Generation of Fibrocyte-Specific Chimeric Mice Transplanted with Col-Luc BM

To generate fibrocyte-specific mice, BM from chimeric mice transplanted with Col-Luc (Col-Luc→wt mice) or chimeric mice transplanted with Col–green fluorescent protein BM (Col-GFP→wt mice) was transplanted into lethally irradiated (1200 rad) wild-type mice (C57/Bl6).

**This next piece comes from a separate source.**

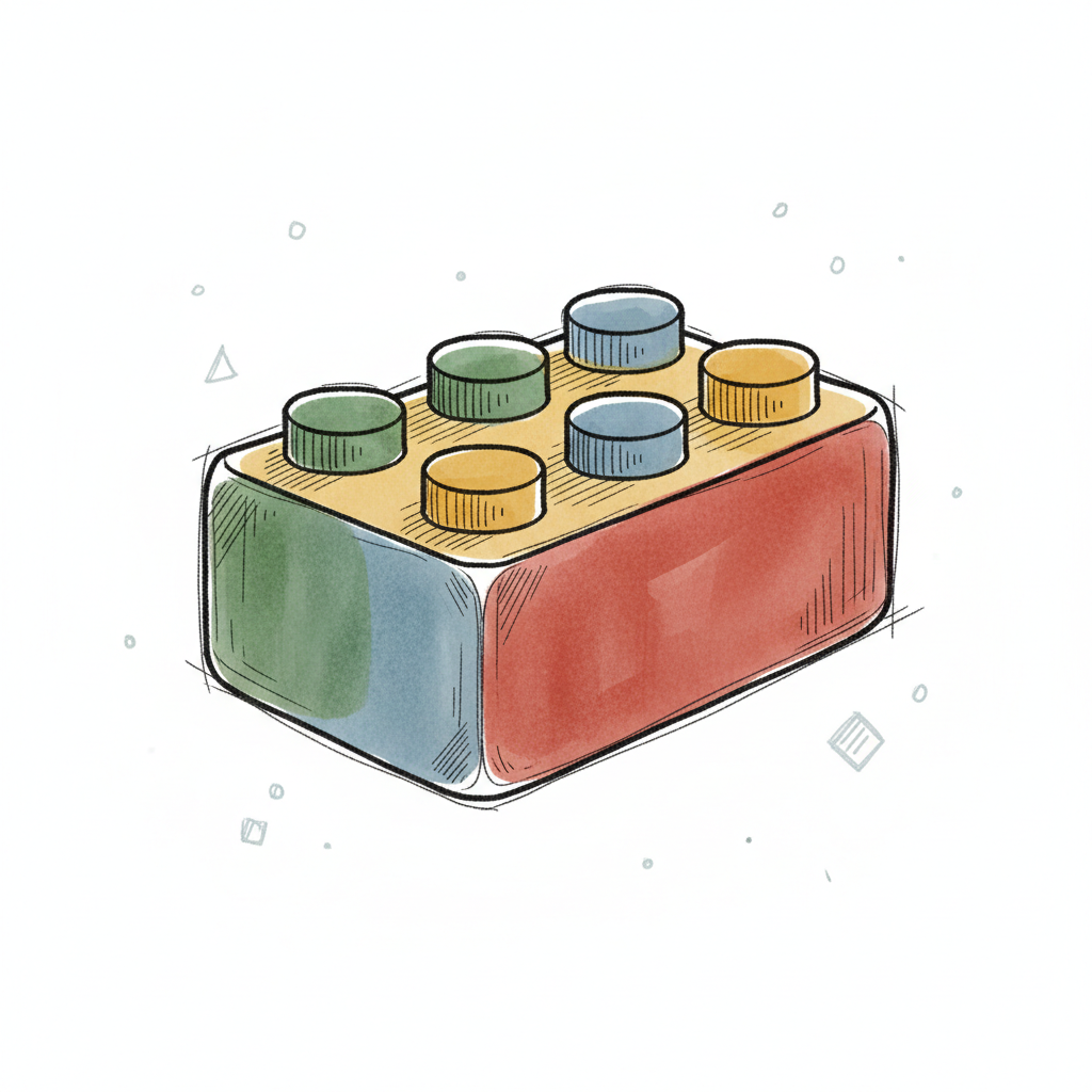 Handgezeichneter, bunter Baustein mit sechs Noppen im Aquarell-Skizzenstil.

Induction of Liver Injury and Lipopolysaccharide Therapy in Mice

Liver injury was induced via intragastric gavage using CCl4 (diluted 1:4 in corn oil, 150 μL, 12 times over 6 weeks), intravenous infection with TGF-β1–expressing or control adenovirus (1 × 108 PFU) for 72 hours, or surgical ligation of the common bile duct (BDL).4 Lipopolysaccharide (LPS), 6 μg/g weight, was administered i.v. in mice.

Transwell Migration Assay

BM CD45+Col+ cells were placed in the upper chamber of the polyethylene terephthalate track-etched membrane (HTS FluoroBlock Insert, 8.0 μm pore size; BD Biosciences, Franklin Lakes, NJ), and 5 ng/mL TGF-β1 or 1 ng/mL LPS was placed in the bottom chamber. The number of green fluorescent protein (GFP)–positive cells that transmigrated to the bottom chamber was analyzed using fluorescent microscopy after 18 hours, and was calculated relative to the passive transmigration.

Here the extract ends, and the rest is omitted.